Voto vencedor pela indenização

A ministra Daniela Teixeira, relatora da ação, votou para indeferir recurso das empresas e pelo reconhecimento da legitimidade dos pescadores para propor ações de indenização decorrentes de grandes empreendimentos.

A Constituição Federal de 1988 estabelece um sistema robusto de responsabilização por danos ambientais, principalmente em seu artigo 225, §3º, que prevê que as condutas e atividades lesivas ao meio ambiente sujeitarão os infratores a: responsabilidade administrativa, penal e civil, sendo esta última independente de culpa e submetida à teoria do risco integral”, considerou a relatora no voto que deu a vitória aos pescadores.

A ministra ainda ressaltou que “presente a ocorrência do dano ambiental e a identificação do responsável pela sua ocorrência, a ele compete a integral reparação de todos os prejuízos sofridos individualmente ou coletivamente, independentemente de ter agido com intenção de fazê-lo ou mesmo de maneira imprudente, negligente ou com imperícia.
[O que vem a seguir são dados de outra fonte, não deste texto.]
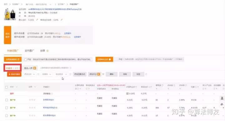 我们可以来看看低价引流的计划中,我们推广的宝贝数量,以及每个宝贝包含的关键词数量。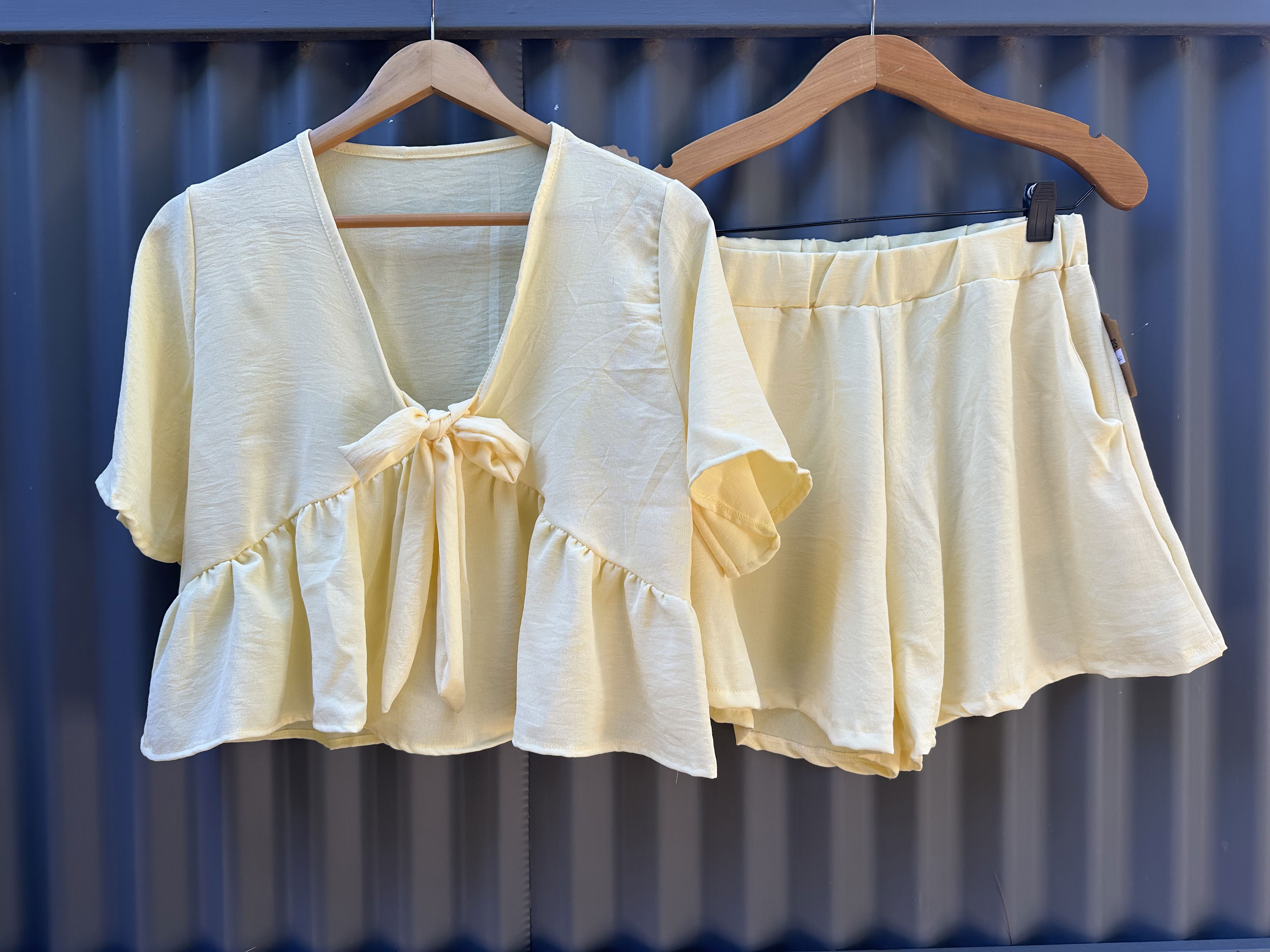 Suelta, fresca y con ese vuelo que enamora. Hecha en tela cey liviana, tiene lazo delantero y volados que le dan movimiento y un aire romántico sin perder simpleza. Ideal para usar con el short a juego (short Dafne) o con jeans de tiro alto.

Aos afetados, nesta hipótese, basta, portanto, a comprovação de que sofreram danos de qualquer ordem em razão de evento que possa ser atribuído ao agente apontado como responsável”, afirmou.

Daniela Teixeira foi acompanhada pela a ministra Nancy Andrighi e pelo ministro Moura Ribeiro. Os ministros Villas Bôas Cueva e Humberto Martins divergiram e foram votos vencidos.